BEGIN
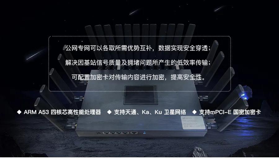 可识别各类运营商的数据卡,也可集成卫星链路,实现四路/六路等通信聚合。弥补5G覆盖差、4G带宽低的通信瓶颈。
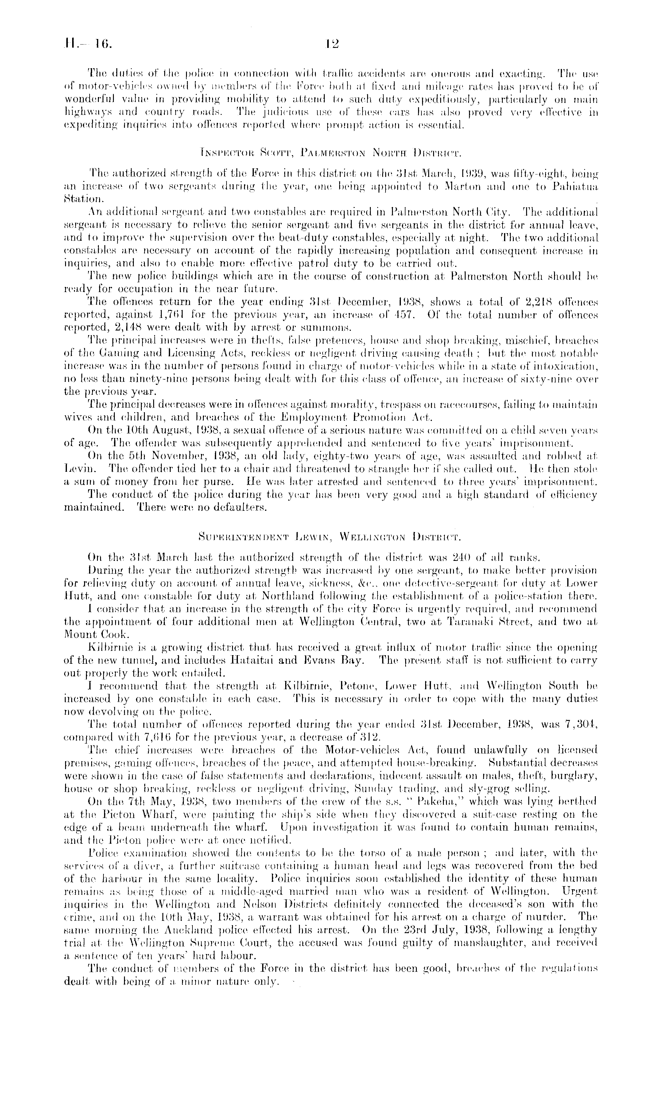 The duties of the police in connection with traffic accidents are onerous and exacting. The use of motor-vehicles owned by members of the Force both at fixed and mileage rates has proved to be of wonderful value in providing mobility to attend to such duty expeditiously, particularly on main highways and country roads. The judicious use of these cars has also proved very effective in expediting inquiries into offences reported where prompt action is essential. Inspector Scott, Palmerston North District. The authorized strength of the Force in this district on the 31st March, 1939, was fifty-eight, being an increase of two sergeants during the year, one being appointed to Marton and one to Pahiatua Station. An additional sergeant and two constables are required in Palmerston North City. The additional sergeant is necessary to relieve the senior sergeant and five sergeants in the district for annual leave, and to improve the supervision over the beat-duty constables, especially at night. The two additional constables are necessary on account of the rapidly increasing population and consequent increase in inquiries, and also to enable more effective patrol duty to be carried out. The new police buildings which are in the course of construction at Palmerston North should be ready for occupation in the near future. The offences return for the year ending 31st December, 1938, shows a total of 2,218 offences reported, against 1,761 for the previous year, an increase of 457. Of the total number of offences reported, 2,148 were dealt with by arrest or summons. The principal increases were in thefts, false pretences, house and shop breaking, mischief, breaches of the Gaming and Licensing Acts, reckless or negligent driving causing death ; but the most notable increase was in the number of persons found in charge of motor-vehicles while in a state of intoxication, no less than ninety-nine persons being dealt with for this class of offence, an increase of sixty-nine over the previous year. The principal decreases were in offences against morality, trespass on racecourses, failing to maintain wives and children, and breaches of the Employment Promotion Act. On the 10th August, 1938, a sexual offence of a serious nature was committed on a child seven years of age. The ofEender was subsequently apprehended and sentenced to five years' imprisonment. On the sth November, 1938, an old lady, eighty-two years of age, was assaulted and robbed at Levin. The offender tied her to a chair and threatened to strangle her if she called out. He then stole a sum of money from her purse. He was later arrested and sentenced to three years' imprisonment. The conduct of the police during the year has been very good and a high standard of efficiency maintained. There were no defaulters. Superintendent Lewin, Wellington District. On the 31st March last the authorized strength of the district was 240 of all ranks. During the year the authorized strength was increased by one sergeant, to make better provision for relieving duty on account of annual leave, sickness, &c., one detective-sergeant for duty at Lower Hutt, and one constable for duty at Northland following the establishment of a police-station there. I consider that an increase in the strength of the city Force is urgently required, and recommend the appointment of four additional men at Wellington Central, two at Taranaki Street, and two at Mount Cook. Kilbirnie is a growing district that has received a great influx of motor traffic since the opening of the new tunnel, and includes Hataitai and Evans Bay. The present staff is not sufficient to carry out properly the work entailed. I recommend that the strength at Kilbirnie, Petone, Lower Hutt, and Wellington South be increased by one constable in each case. This is necessary in order to cope with the many duties now devolving on the police. The total number of offences reported during the year ended 31st December, 1938, was 7,304, compared with 7,616 for the previous year, a decrease of 312. The chief increases were breaches of the Motor-vehicles Act, found unlawfully on licensed premises, gaming offences, breaches of the peace, and attempted house-breaking. Substantial decreases were shown in the case of false statements and declarations, indecent assault on males, theft, burglary, house or shop breaking, reckless or negligent driving, Sunday trading, and sly-grog selling. On the 7th May, 1938, two members of the crew of the s.s. " Pakeha," which was lying berthed at the Picton Wharf, were painting the ship's side when they discovered a suit-case resting on the edge of a beam underneath the wharf. Upon investigation it was found to contain human remains, and the Picton police were at once notified. Police examination showed the contents to be the torso of a male person ; and later, with the services of a diver, a further suitcase containing a human head and legs was recovered from the bed of the harbour in the same locality. Police inquiries soon established the identity of these human remains as being those of a middle-aged married man who was a resident of Wellington. Urgent inquiries in the Wellington and Nelson Districts definitely connected the deceased's son with the crime, and on the 10th May, 1938, a warrant was obtained for his arrest on a charge of murder. The same morning the Auckland police effected his arrest. On the 23rd July, 1938, following a lengthy trial at the Wellington Supreme Court, the accused was found guilty of manslaughter, and received a sentence of ten years' hard labour. The conduct of members of the Force in the district has been good, breaches of the regulations dealt with being of a minor nature only. •
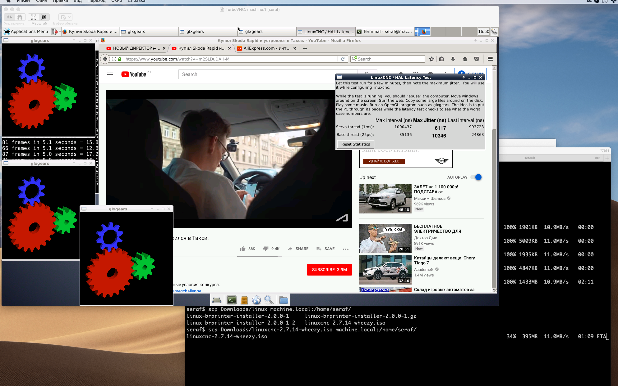 3. Установил все с офф. образа где уже установлен и собран LinuxCNC (debian wheezy там кажется и старая версия LinuxCNC + RTAI). И о чудо джиттер оказался до 15к при слабой загрузке (особо грузить не чем было, даже glxgears не работало почему-то). Сетевая не завелась, вайфая там вообще не было. Собрал модуль для сетевой, все стало и завелось. Тут то и ждало огорчение: при включении любимого ютьюба в какой-то момент джиттер подпрыгивает до 50к).
END
** Work required **
A verbatim copy of the listing is required, with all pictures left out.

** Response to this exercise **
 可识别各类运营商的数据卡,也可集成卫星链路,实现四路/六路等通信聚合。弥补5G覆盖差、4G带宽低的通信瓶颈。
 The duties of the police in connection with traffic accidents are onerous and exacting. The use of motor-vehicles owned by members of the Force both at fixed and mileage rates has proved to be of wonderful value in providing mobility to attend to such duty expeditiously, particularly on main highways and country roads. The judicious use of these cars has also proved very effective in expediting inquiries into offences reported where prompt action is essential. Inspector Scott, Palmerston North District. The authorized strength of the Force in this district on the 31st March, 1939, was fifty-eight, being an increase of two sergeants during the year, one being appointed to Marton and one to Pahiatua Station. An additional sergeant and two constables are required in Palmerston North City. The additional sergeant is necessary to relieve the senior sergeant and five sergeants in the district for annual leave, and to improve the supervision over the beat-duty constables, especially at night. The two additional constables are necessary on account of the rapidly increasing population and consequent increase in inquiries, and also to enable more effective patrol duty to be carried out. The new police buildings which are in the course of construction at Palmerston North should be ready for occupation in the near future. The offences return for the year ending 31st December, 1938, shows a total of 2,218 offences reported, against 1,761 for the previous year, an increase of 457. Of the total number of offences reported, 2,148 were dealt with by arrest or summons. The principal increases were in thefts, false pretences, house and shop breaking, mischief, breaches of the Gaming and Licensing Acts, reckless or negligent driving causing death ; but the most notable increase was in the number of persons found in charge of motor-vehicles while in a state of intoxication, no less than ninety-nine persons being dealt with for this class of offence, an increase of sixty-nine over the previous year. The principal decreases were in offences against morality, trespass on racecourses, failing to maintain wives and children, and breaches of the Employment Promotion Act. On the 10th August, 1938, a sexual offence of a serious nature was committed on a child seven years of age. The ofEender was subsequently apprehended and sentenced to five years' imprisonment. On the sth November, 1938, an old lady, eighty-two years of age, was assaulted and robbed at Levin. The offender tied her to a chair and threatened to strangle her if she called out. He then stole a sum of money from her purse. He was later arrested and sentenced to three years' imprisonment. The conduct of the police during the year has been very good and a high standard of efficiency maintained. There were no defaulters. Superintendent Lewin, Wellington District. On the 31st March last the authorized strength of the district was 240 of all ranks. During the year the authorized strength was increased by one sergeant, to make better provision for relieving duty on account of annual leave, sickness, &c., one detective-sergeant for duty at Lower Hutt, and one constable for duty at Northland following the establishment of a police-station there. I consider that an increase in the strength of the city Force is urgently required, and recommend the appointment of four additional men at Wellington Central, two at Taranaki Street, and two at Mount Cook. Kilbirnie is a growing district that has received a great influx of motor traffic since the opening of the new tunnel, and includes Hataitai and Evans Bay. The present staff is not sufficient to carry out properly the work entailed. I recommend that the strength at Kilbirnie, Petone, Lower Hutt, and Wellington South be increased by one constable in each case. This is necessary in order to cope with the many duties now devolving on the police. The total number of offences reported during the year ended 31st December, 1938, was 7,304, compared with 7,616 for the previous year, a decrease of 312. The chief increases were breaches of the Motor-vehicles Act, found unlawfully on licensed premises, gaming offences, breaches of the peace, and attempted house-breaking. Substantial decreases were shown in the case of false statements and declarations, indecent assault on males, theft, burglary, house or shop breaking, reckless or negligent driving, Sunday trading, and sly-grog selling. On the 7th May, 1938, two members of the crew of the s.s. " Pakeha," which was lying berthed at the Picton Wharf, were painting the ship's side when they discovered a suit-case resting on the edge of a beam underneath the wharf. Upon investigation it was found to contain human remains, and the Picton police were at once notified. Police examination showed the contents to be the torso of a male person ; and later, with the services of a diver, a further suitcase containing a human head and legs was recovered from the bed of the harbour in the same locality. Police inquiries soon established the identity of these human remains as being those of a middle-aged married man who was a resident of Wellington. Urgent inquiries in the Wellington and Nelson Districts definitely connected the deceased's son with the crime, and on the 10th May, 1938, a warrant was obtained for his arrest on a charge of murder. The same morning the Auckland police effected his arrest. On the 23rd July, 1938, following a lengthy trial at the Wellington Supreme Court, the accused was found guilty of manslaughter, and received a sentence of ten years' hard labour. The conduct of members of the Force in the district has been good, breaches of the regulations dealt with being of a minor nature only. •
 3. Установил все с офф. образа где уже установлен и собран LinuxCNC (debian wheezy там кажется и старая версия LinuxCNC + RTAI). И о чудо джиттер оказался до 15к при слабой загрузке (особо грузить не чем было, даже glxgears не работало почему-то). Сетевая не завелась, вайфая там вообще не было. Собрал модуль для сетевой, все стало и завелось. Тут то и ждало огорчение: при включении любимого ютьюба в какой-то момент джиттер подпрыгивает до 50к).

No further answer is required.